For instance, I've red file as follow:
val DF = mysession.read.json("/FileStore/tables/bm2ube021498209258980/exampleLog_dp_api-fac53.json","/FileStore/tables/zed9y2s11498229410434/exampleLog_dp_api-fac53.json")
which generats a DF with 2 rows with everything inside.
+--------------------+-----------------+------+--------------------+-----+
| _id| _index|_score| _source|_type|
+--------------------+-----------------+------+--------------------+-----+
|AVzO9dqvoaL5S78GvkQU|dp_api-2017.06.22| 1|[2017-06-22T08:40...|DPAPI|
| AVzO9dq5S78GvkQU|dp_api-2017.06.22| 1|[null,null,[Wrapp...|DPAPI|
+--------------------+-----------------+------+--------------------+-----+
in _source there are all the nested things(the status I mentioned is here!).
Then I've selected some useful information like
DF.select("_id", "_source.request.user_ip","_source.request.aw", "_type").show(false)
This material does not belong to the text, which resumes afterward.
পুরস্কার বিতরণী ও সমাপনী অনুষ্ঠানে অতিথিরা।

+--------------------+------------+------------------------------------+-----+
|_id |user_ip |aw |_type|
+--------------------+------------+------------------------------------+-----+
|AVzO9dqvoaL5S78GvkQU|111.11.11.12|285d5034-dfd6-44ad-9fb7-ba06a516cdbf|DPAPI|
|AVzO9dq5S78GvkQU |111.11.11.82|null |DPAPI|
+--------------------+------------+------------------------------------+-----+
again, the idea is to create this DF with the logs arriving from a kafka topic and upsert the log in this DF.
Hope I explained well, I don't want a "code" solution I'd prefer hints or example on how to achieve this result.
Thank you.
As you are looking for resources I would suggest the following:
Have a look at the Spark Streaming Programming Guide (https://spark.apache.org/docs/latest/streaming-programming-guide.html) and the Spark Streaming + Kafka Integration Guide (https://spark.apache.org/docs/2.1.0/streaming-kafka-0-10-integration.html).
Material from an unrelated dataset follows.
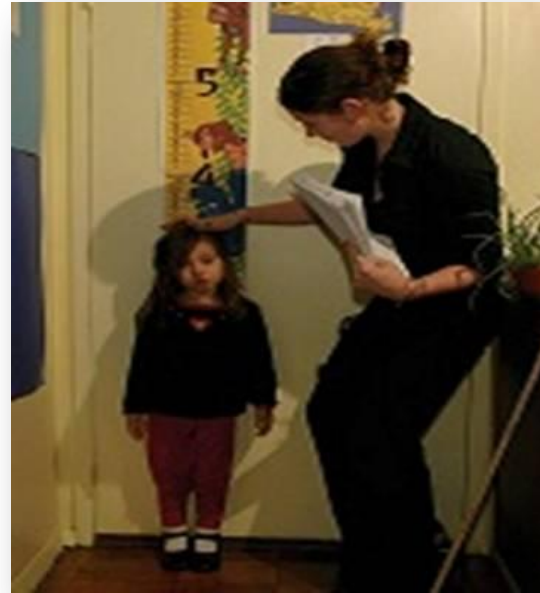
Визначення росту та ваги дитини

Use the Spark Streaming + Kafka Integration Guide for information on how to open a Stream with your Kafka content.
Then have a look at the possible transformations you can perform with Spark Streaming on it in chapter "Transformations on DStreams" in the Spark Streaming Programming Guide
Once you have transformed the stream in a way that you can perform a final operation on it have a look at "Output Operations on DStreams" in the Spark Streaming Programming Guide. I think especially .forEachRDD could be what you are looking for - as you can do an operation (like checking whether a certain key word is in your string and based on this do a database call) for each element of the stream.